Sorry, I don't know lpeg, but your task is easily solvable with usual Lua patterns.
IMO, lpeg or other external regex libraries are overkill in most cases, Lua patterns are surprisingly good enough.

local s = [[
rep
rep
SKIPstart
rep
rep
SKIPstop
rep
rep
SKIPstart
rep
SKIPstart
rep
SKIPstop
rep
SKIPstop
rep
rep
]]
s = s:gsub("SKIPstart", "\1%0")
     :gsub("SKIPstop", "%0\2")
     :gsub("%b\1\2", "\0%0\0")
     :gsub("(%Z*)%z?(%Z*)%z?",
         function(a, b) return a:gsub("rep", "new")..b:gsub("[\1\2]", "") end)
print(s)

Output:

new
new
SKIPstart
rep
rep
SKIPstop
new
new
SKIPstart
rep
SKIPstart
rep
SKIPstop
rep
SKIPstop
new
new
Egor Skriptunoff
  • 23,359
  • 2
  • 34
  • 64
  • Might take a while for me to digest this.. but would it work with multiple delimiter? How about nested? What does does the `\1%0` mean? Just a little internal flag you used to mask the delimiter? – likethevegetable Dec 18 '21 at 02:37
  • `would it work with multiple delimiter?` - Please add example of multiple delimiters to the question. – Egor Skriptunoff Dec 18 '21 at 02:38
  • `Just a little internal flag you used to mask the delimiter?` - Yes, that's a workaround for impossibility to write `(abc)?` in Lua patterns – Egor Skriptunoff Dec 18 '21 at 02:40
  • I added some more examples. – likethevegetable Dec 18 '21 at 02:44
  • `would it work with multiple delimiter? How about nested?` - Yes. Yes. – Egor Skriptunoff Dec 18 '21 at 02:52
  • I think I'm on the way to understanding it... can you please explain it though? – likethevegetable Dec 18 '21 at 03:11
  • Which line of code needs explanation? – Egor Skriptunoff Dec 18 '21 at 03:31
  • The first two `gsub`s are wrapping the delimiters with `\1 ... \2`, then we use those to form a boundary with the third `gsub` and wrap it with `\0`, then I don't get the complicated `"(%Z*)%z?(%Z*)%z?"` part.. I think `%Z` would match `\1|\2|...` but not `\0`. but I don't see how we target captures outside of the delimiters.. or is `%Z` any character but `\0`? – likethevegetable Dec 18 '21 at 03:45
  • I think I get it now. We capture two parts, a and b, which essentially capture every character but `\0` with `(%Z*)`. We don't want to replace anything after the first `\0` (which is b), so in the function, we only gsub on a.
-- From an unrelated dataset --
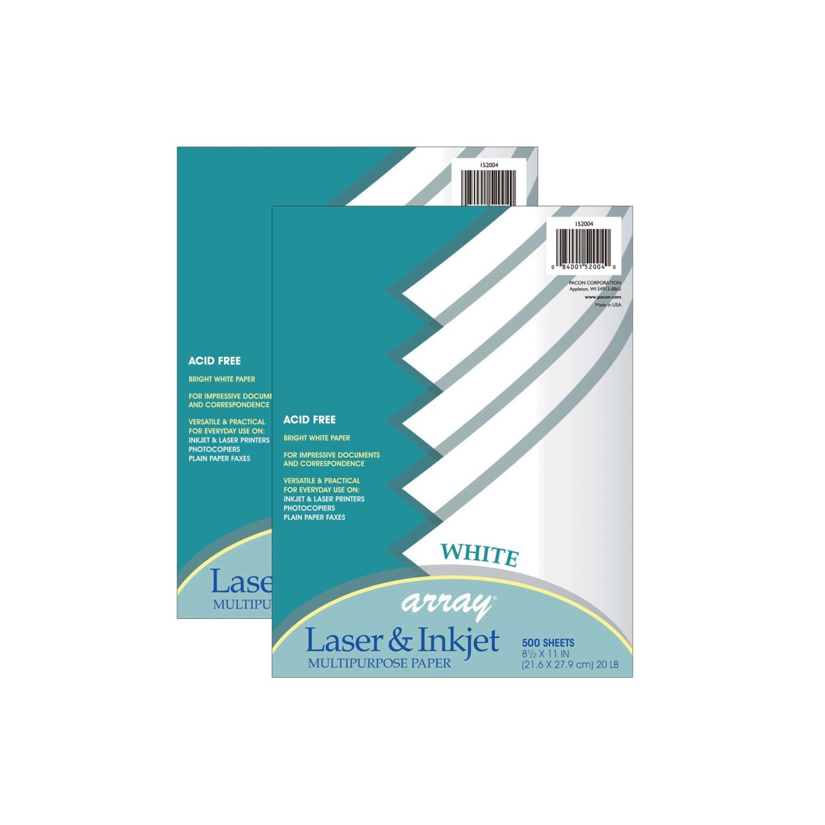 Multi-purpose 20 lb. paper compatible with copiers and laser and inkjet printers. Packages come film wrapped with an attractive top sheet. Recyclable. Paper measures 8.5" x 11". Each pack includes 500 sheets. Sold as 2 packs for a total of 1000 sheets.

Then clean up the `\1` and `\2`. Very clever. Thanks! – likethevegetable Dec 18 '21 at 04:34
0

Egor Skriptunoff's answer is a great way of playing tricks with standard lua patterns to achieve your goal. I agree that if a straightforward way can work, I won't recommend using LPeg or other external libraries.

As you asked about LPeg, I'll show you how you can do it with LPeg.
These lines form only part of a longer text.